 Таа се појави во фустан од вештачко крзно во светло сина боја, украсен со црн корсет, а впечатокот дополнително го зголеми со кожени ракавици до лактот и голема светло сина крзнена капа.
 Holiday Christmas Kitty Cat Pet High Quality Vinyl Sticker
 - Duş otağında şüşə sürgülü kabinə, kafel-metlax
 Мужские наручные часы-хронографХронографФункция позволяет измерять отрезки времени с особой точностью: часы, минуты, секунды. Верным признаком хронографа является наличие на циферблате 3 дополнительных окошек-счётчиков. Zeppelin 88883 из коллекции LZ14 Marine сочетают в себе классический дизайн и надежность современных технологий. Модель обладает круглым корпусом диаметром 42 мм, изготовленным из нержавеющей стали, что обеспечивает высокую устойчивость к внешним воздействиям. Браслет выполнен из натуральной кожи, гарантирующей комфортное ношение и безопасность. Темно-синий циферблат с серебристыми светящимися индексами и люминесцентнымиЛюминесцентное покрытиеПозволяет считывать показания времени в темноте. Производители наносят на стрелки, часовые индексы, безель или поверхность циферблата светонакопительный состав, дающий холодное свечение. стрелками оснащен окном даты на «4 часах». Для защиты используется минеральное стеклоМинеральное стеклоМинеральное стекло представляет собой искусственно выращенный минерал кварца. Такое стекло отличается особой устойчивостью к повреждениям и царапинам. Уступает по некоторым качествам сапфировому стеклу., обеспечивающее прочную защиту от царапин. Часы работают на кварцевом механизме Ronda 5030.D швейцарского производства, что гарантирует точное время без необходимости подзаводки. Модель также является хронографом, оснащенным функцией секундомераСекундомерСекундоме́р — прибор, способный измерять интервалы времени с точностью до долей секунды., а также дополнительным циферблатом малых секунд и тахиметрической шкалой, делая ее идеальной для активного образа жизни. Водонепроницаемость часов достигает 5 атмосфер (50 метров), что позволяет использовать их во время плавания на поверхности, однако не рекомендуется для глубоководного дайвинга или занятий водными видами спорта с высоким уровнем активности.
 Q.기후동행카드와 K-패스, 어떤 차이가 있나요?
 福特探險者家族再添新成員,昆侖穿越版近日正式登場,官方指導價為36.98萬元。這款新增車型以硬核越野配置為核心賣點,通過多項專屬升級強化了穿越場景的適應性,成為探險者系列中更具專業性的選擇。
◇ ◇ ◇ ◇ ◇ ◇ ◇
[Exercise instructions]: Lines from the start of the material above through the line containing "Holiday Christmas Kitty" are to be duplicated exactly, and only those.

[Exercise answer]:
 Таа се појави во фустан од вештачко крзно во светло сина боја, украсен со црн корсет, а впечатокот дополнително го зголеми со кожени ракавици до лактот и голема светло сина крзнена капа.
 Holiday Christmas Kitty Cat Pet High Quality Vinyl Sticker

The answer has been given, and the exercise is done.